Little-endian is convenient when reusing a memory reference for multiple memory sizes. Simply put, if you have a pointer to a little-endian unsigned int* but you know the value stored there is < 256, you can cast your pointer to unsigned char*.

Endianness is ALWAYS an issue. Some will say that if you know that every host connected to the network runs the same OS, etc, then you will not have problems. This is true until it isn't. You always need to publish a spec that details the EXACT format of on-wire data. It can be any format you want, but every endpoint needs to understand the format and be able to interpret it correctly.
In general, protocols use big-endian for numerical values, but this has limitations if everyone isn't IEEE 754 compatible, etc. If you can take the overhead, then use an XDR (or your favorite solution) and be safe.

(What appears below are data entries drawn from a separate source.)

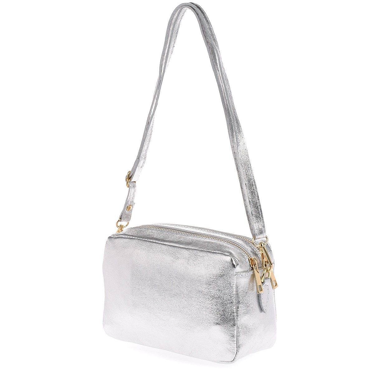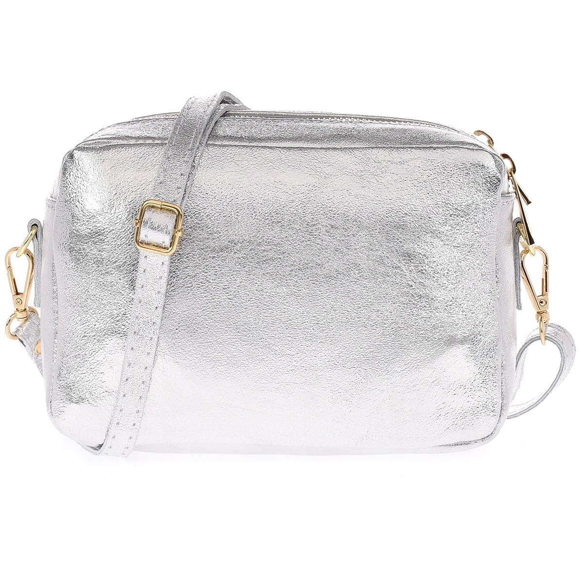 Skórzana damska torebka listonoszka srebrna dwukomorowa. Tego rodzaju torebki są popularne ze względu na swój funkcjonalny design, który umożliwia przechowywanie niezbędnych rzeczy w porządku. Oto kilka ważnych cech tej torebki:
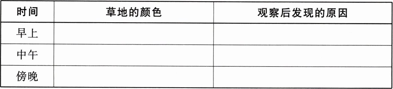 1.时间 草地的颜色 观察后发现的原因 早上 绿色 蒲公英花朵合拢了 中午 金色 蒲公英花朵张开了 傍晚 绿色 蒲公英花朵合拢了 2.(提示:围绕留心观察事物的变化谈启发。)
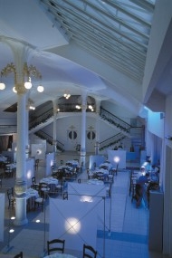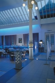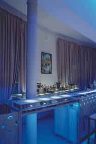 Белые огоньки, затухая, отражаются на боковой поверхности металлической барной стойки, перекликаются с сегментированностью конструкций фонаря в крыше зала. Столешница матового стекла, как прожекторами, прожигается снизу многочисленными световыми пучками. Рассеянный голубой свет, источник которого скрыт между скатом крыши и стеной, заполняет пространство, выступая общим фоном, предоставляя возможность белому свету рисовать свои формы. Голубая подсветка погружает в нейтральность все, что не выделено белым светом, позволяя таким образом чувственно-пластичным формам модерна соседствовать с продуктами технологизма.
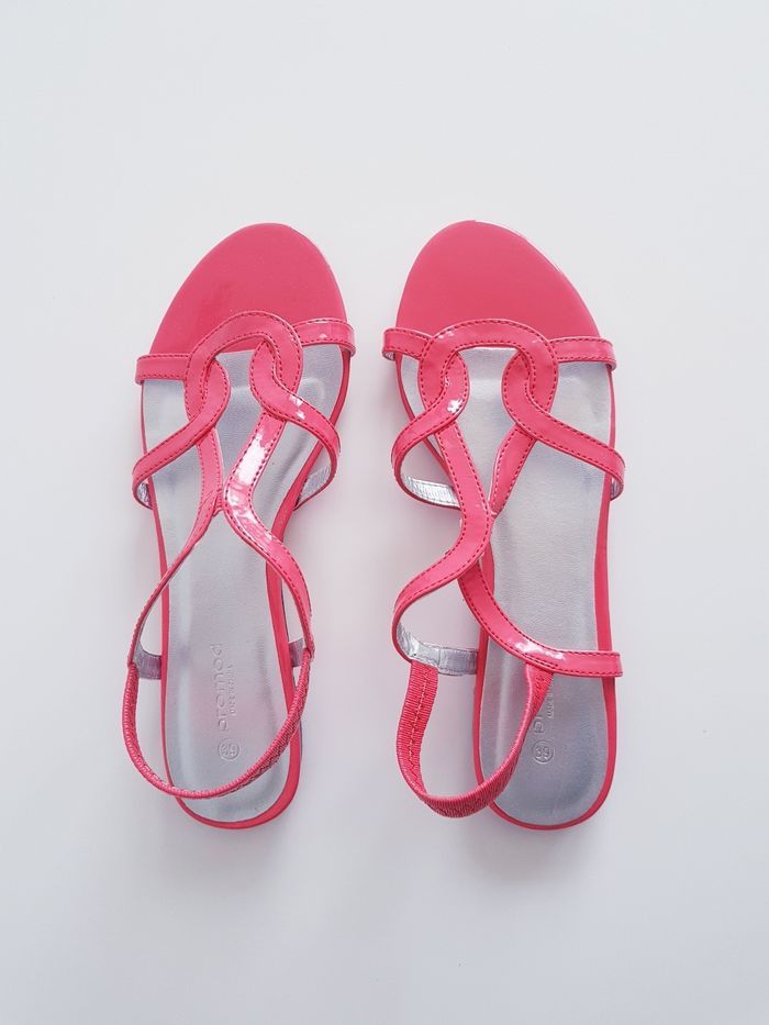 🚨 Prix fixe Sandales plats Marque : PROMOD Couleur : rose saumon laqué (brillant) Pointure : 39 État : neuf avec étiquette Vendues avec la boîte à chaussures d'origine Retrait sur place ou envoi.
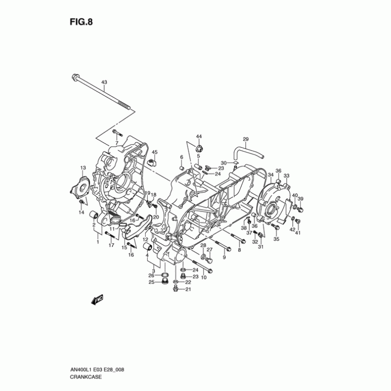 Детализация узла Картер двигателя (An400zal1 e28) для Suzuki AN400 Burgman (European analogue.
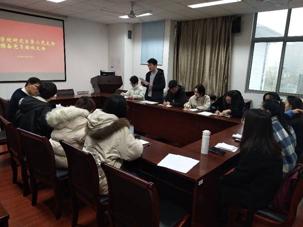 研究生第二党支部在理科南楼F304召开预备党员接收大会。出席此次会议的党员共11人,其中有表决权的党员8人。研究生第二党支部发展对象赵卓均、崔文杰参与了此次会议,党总支副书记高务龙同志参加了此次会议。会议由党支部副书记季晓敏同志主持。
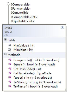 但从探索技术内幕而言则大不一样,Java使用Integer一个类就“搞定”了所有常用的整数处理功能,而对于.NET的System.In32结构,好奇的朋友不妨用Reflector去查看一下相关的源码,会发现System.Int32在内部许多地方使用了Number类所封装的功能,还用到了NumberFormatInfo(提供数字的格式化信息)、CultureInfo(提供当前文化信息)等相关类型,如果再算加上一堆的接口,那真是“相当地”复杂。
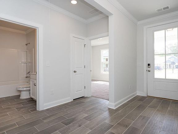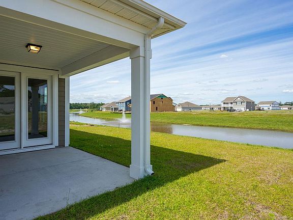 Ready now! Situated on a pond, this is a great open floor plan that has a large foyer for a grand entrance. Spacious kitchen with granite countertops, pendant lights over the island, stainless steel appliances including a gas range, and a large walk- in pantry. The oversized island with breakfast bar is great for cooking and entertaining. The kitchen overlooks the dining room and family room with plenty of room for everyone to gather around. Private owner's suite is in the back of the home. Large master bath with dual vanities separated by a linen closet and a 5' tile shower. Sliding doors off the dining area lead to the 12 x 8 covered porch with a nice view of the pond. All homes include a Smart Home Package so you can stay connected to your home when you're away. Our home owners will enjoy a resort style pool, hot tub, air conditioned pickle ball court, fire pit, walking trails, and a short golf cart ride to the shops and dining in the Market Common area. (Home and community information, including pricing, included features, terms, availability and amenities, are subject to change prior to sale at any time without notice or obligation. Square footages are approximate. Pictures, photographs, colors, features, and sizes are for illustration purposes only and will vary from the homes as built. Equal housing opportunity builder.)

Here are some guidelines for C/C++ endian-neutral code. Obviously these are written as "rules to avoid"... so if code has these "features" it could be prone to endian-related bugs !! (this is from my article on Endianness published in Dr Dobbs)
Avoid using unions which combine different multi-byte datatypes.
(the layout of the unions may have different endian-related orders)
Avoid accessing byte arrays outside of the byte datatype.
(the order of the byte array has an endian-related order)
Avoid using bit-fields and byte-masks
(since the layout of the storage is dependent upon endianness, the masking of the bytes and selection of the bit fields is endian sensitive)
Avoid casting pointers from multi-byte type to other byte types.
(when a pointer is cast from one type to another, the endianness of the source (ie. The original target) is lost and subsequent processing may be incorrect)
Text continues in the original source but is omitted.